Department of Housing Economics and Generational Finance, University of Ashford
Applied Generational Inequality Research Unit, Meridian Institute
Received: 16 April 2025 · Accepted: 16 April 2025
This study examines the empirical relationship between millennial discretionary food expenditure — specifically avocado-based brunch items — and structural housing unaffordability. Using the Causal Attribution Accuracy Scale (CAAS), we assessed 318 participants across income deciles alongside comparative housing cost data. Results indicate that complete elimination of avocado toast expenditure would produce annual savings insufficient to close the median housing deposit gap by a factor of approximately 29. The causal attribution of housing unaffordability to discretionary food choices is not a finding of this study. It was not a finding of any prior study. The finding of this study is that people needed to say this out loud in a peer-reviewed format.
The proposition that millennial housing unaffordability is meaningfully attributable to discretionary consumer spending on items including avocado toast was introduced to public discourse in 2017 via a widely circulated media interview (Richards, 2017) and has since recurred in political commentary with notable regularity. This proposition has not, to the authors' knowledge, been subjected to formal quantitative testing in the economics literature. The present study addresses this gap by calculating the annual savings achievable through complete avocado toast elimination and comparing this figure to the deposit requirements for median-priced housing in the same geographic markets, treating the proposition not as political commentary but as an empirical claim that can be evaluated with publicly available data and basic arithmetic.
Participants.
Three hundred and eighteen adults aged 25–40 (M age = 31.2, SD = 4.1) were recruited across three income deciles. CAAS assessments were paired with financial data. Exclusion criteria included participants with housing deposits already saved (n = 29, studied separately as a group whose existence does not refute the primary finding) and participants who had never eaten avocado toast (n = 11, removed as outside the study population). IRB protocol HE-2024-0231 was approved.
Instruments.
The Causal Attribution Accuracy Scale (CAAS; 18 items, α = .87) measured perceived causal relationships between personal expenditure and housing access, financial literacy regarding deposit requirements, and willingness to consider structural versus behavioral explanations for economic outcomes. Housing cost and deposit data were extracted from national property registries. Avocado toast expenditure was measured via food diary and receipts.
Procedure.
CAAS was administered alongside financial audits across six weeks.

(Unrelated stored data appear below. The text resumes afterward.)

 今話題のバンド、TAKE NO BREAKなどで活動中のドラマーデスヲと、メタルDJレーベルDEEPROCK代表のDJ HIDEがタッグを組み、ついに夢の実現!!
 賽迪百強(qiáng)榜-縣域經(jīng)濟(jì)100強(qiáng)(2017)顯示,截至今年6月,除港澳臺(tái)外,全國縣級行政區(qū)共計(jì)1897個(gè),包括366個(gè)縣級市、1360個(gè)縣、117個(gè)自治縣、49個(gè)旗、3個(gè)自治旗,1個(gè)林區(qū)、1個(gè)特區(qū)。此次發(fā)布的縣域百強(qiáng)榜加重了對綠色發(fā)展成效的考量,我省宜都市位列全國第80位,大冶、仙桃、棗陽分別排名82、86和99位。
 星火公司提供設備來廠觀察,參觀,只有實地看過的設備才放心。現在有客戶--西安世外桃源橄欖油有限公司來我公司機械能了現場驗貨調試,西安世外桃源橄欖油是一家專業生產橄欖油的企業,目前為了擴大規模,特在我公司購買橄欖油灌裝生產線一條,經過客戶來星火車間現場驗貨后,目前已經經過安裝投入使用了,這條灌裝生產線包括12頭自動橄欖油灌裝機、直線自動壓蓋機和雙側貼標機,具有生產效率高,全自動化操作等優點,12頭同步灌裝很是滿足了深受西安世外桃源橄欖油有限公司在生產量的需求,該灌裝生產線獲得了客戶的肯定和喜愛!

Annual Avocado Toast Savings.
Mean annual avocado toast expenditure was £487 (SD = £142). Complete elimination would produce mean annual savings of £487 (SD = £142). This finding required no statistical testing.
Deposit Gap.
Median housing deposit requirement in sampled markets was £42,800 (SD = £11,200). The ratio of deposit requirement to maximum avocado toast savings was 87.9:1. The years required to close the deposit gap through avocado toast elimination alone was 87.9 (SD = 21.4).
CAAS Attribution Scores.
Participants who endorsed behavioral causal explanations for housing unaffordability showed CAAS financial literacy scores significantly below those endorsing structural explanations, F(1, 316) = 31.4, p < .001, η² = 0.14.
The 87.9-year payback period is the study's primary finding and its most portable data point. At current avocado toast prices and deposit requirements, a millennial who began foregoing the item at age 25 would be eligible for a mortgage at age 112.9, assuming stable house prices — an assumption that the same market conditions that produced the deposit gap render implausible.

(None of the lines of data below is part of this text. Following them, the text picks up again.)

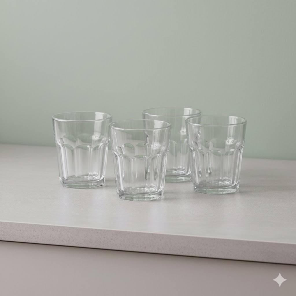شیشه این لیوان ها از نوع سکوریت است. این نوع شیشه در برابر ضربه و گرما مقاومت بالاتری نسبت به شیشه های معمولی دارد.
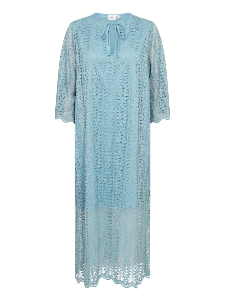 Это кружевное платье миди свободного кроя с круглым вырезом на завязке и рукавами три четверти. Воздушный материал обеспечивает комфорт в самых разных ситуациях.
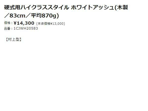 【10%OFF】野球 硬式 バット ミズノ MIZUNO ハイクラススタイル ホワイトアッシュ 硬式用木製バット 村上型 一般 野球 硬式 バット 1CJWH20583
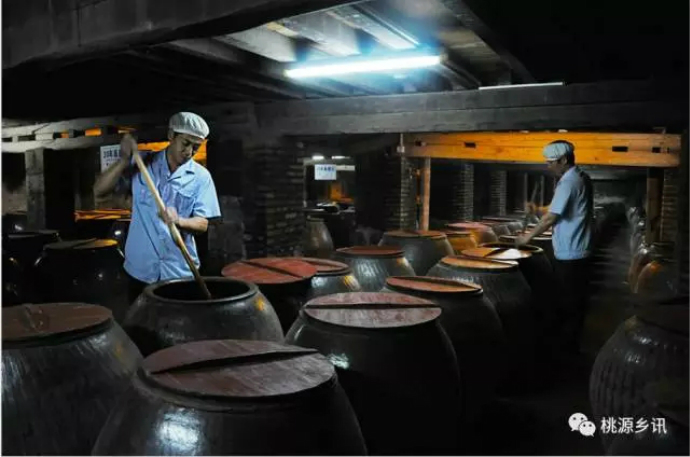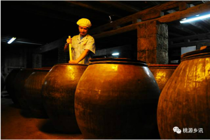 在窖藏車間,釀醋師傅在對每個陶制醋缸里的醋進行攪拌,讓缸里的醋充分吸收氧氣、活動起來,以便更好的發(fā)酵。
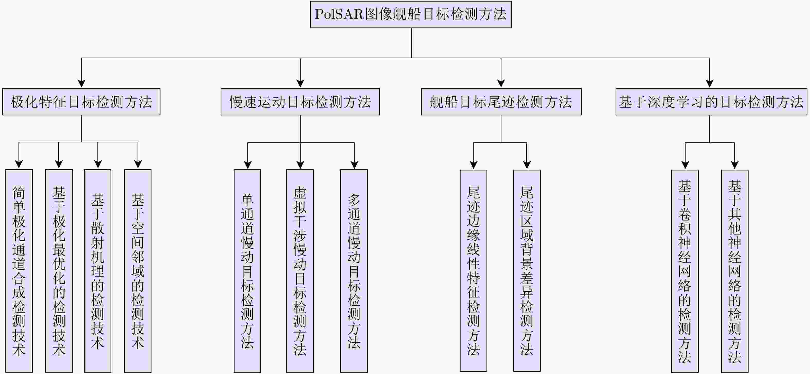 检测分类 适用场景 具体检测方法 优点 缺点 目标极化特征检测 主要适用于舰船目标本体极化特征和杂波特征有一定差异情形下的检测 简单极化合成检测技术 早期PolSAR目标检测方法,简单易实现且效果优于单极化SAR图像目标检测方法 一定程度上利用了幅度或相位信息,对极化信息的利用不够充分 基于极化最优化的检测技术 1. 充分利用了各极化通道相关信息
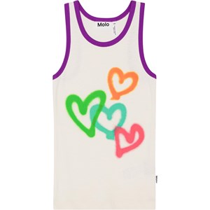 Hvid tætsiddende tanktop i økologisk bomuld. Toppen har lilla kantbånd langs hals og ærmegab samt et graffitiprint med multifarvet hjerter trykt på fronten.
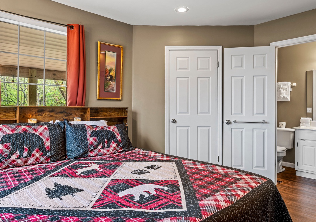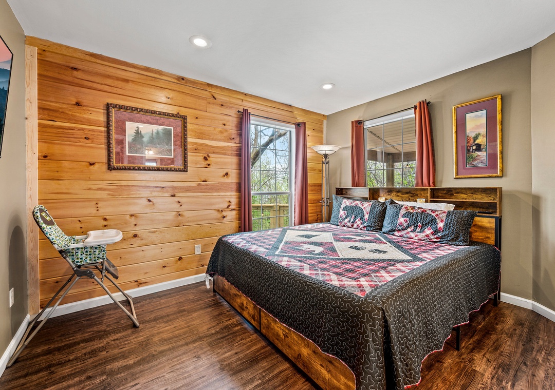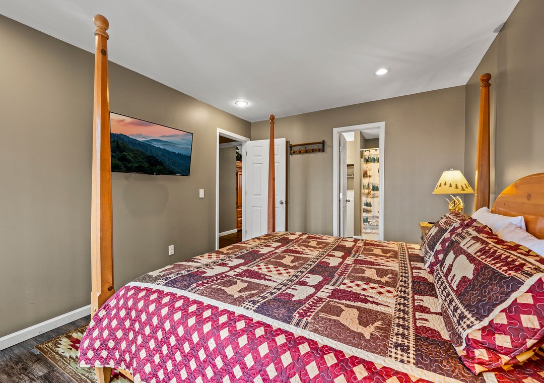 ✔ Bedroom #1 (Main Level): Spacious King Bedroom with flat-screen TV; Attached Full Bathroom with Shower/Tub Combo
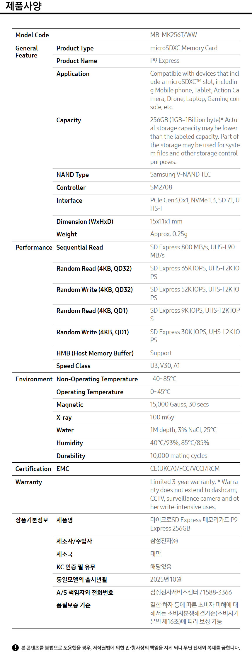 삼성전자 마이크로SD 익스프레스 카드 P9 Express 256GB
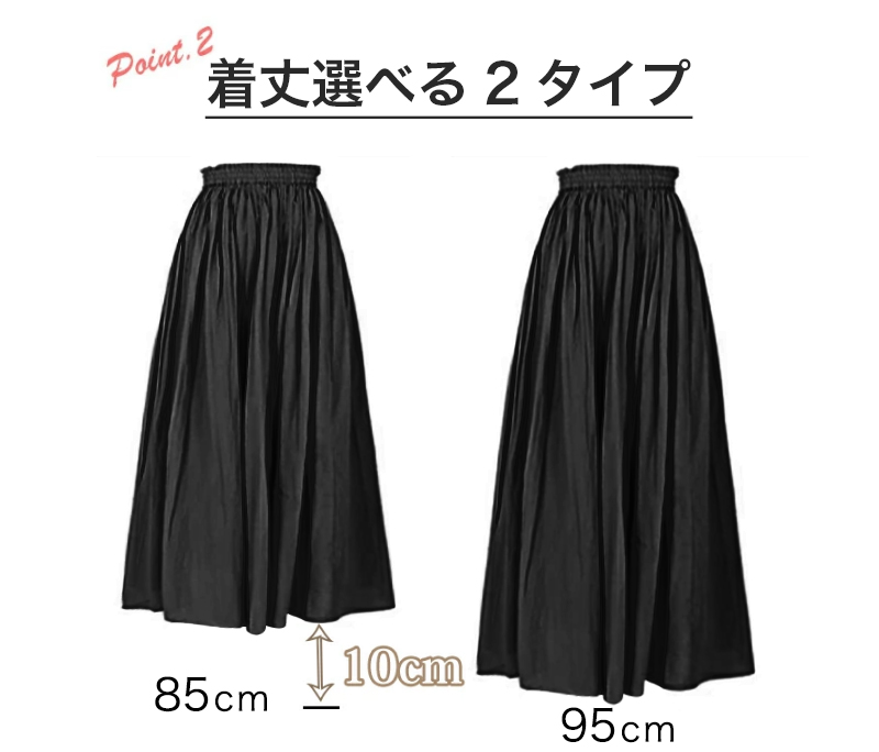 着丈2TYPE選べる フレアスカート 高身長 低身長 ウエストゴム きれいめレディースファッション ボトムス スカート

The CAAS financial literacy finding suggests that endorsement of discretionary-expenditure explanations for housing unaffordability is inversely associated with financial literacy. This is a finding about causal reasoning under economic stress, not a character assessment of those who hold the view.
The study's broader contribution is its formal entry into the record of peer-reviewed literature of a finding that could have been reached by division: the numbers do not support the causal claim. This does not mean discretionary spending is irrelevant to personal finance. It means avocado toast is not a mortgage.
Avocado toast expenditure is, arithmetically, not a material cause of millennial housing unaffordability. The deposit-to-toast ratio is 87.9:1. Housing unaffordability in the sampled markets is attributable to wage-to-price ratio deterioration, planning constraints, and investment-driven demand — variables that do not improve upon the elimination of brunch items. The authors recommend directing policy attention toward the 87.9:1 problem and leaving breakfast alone.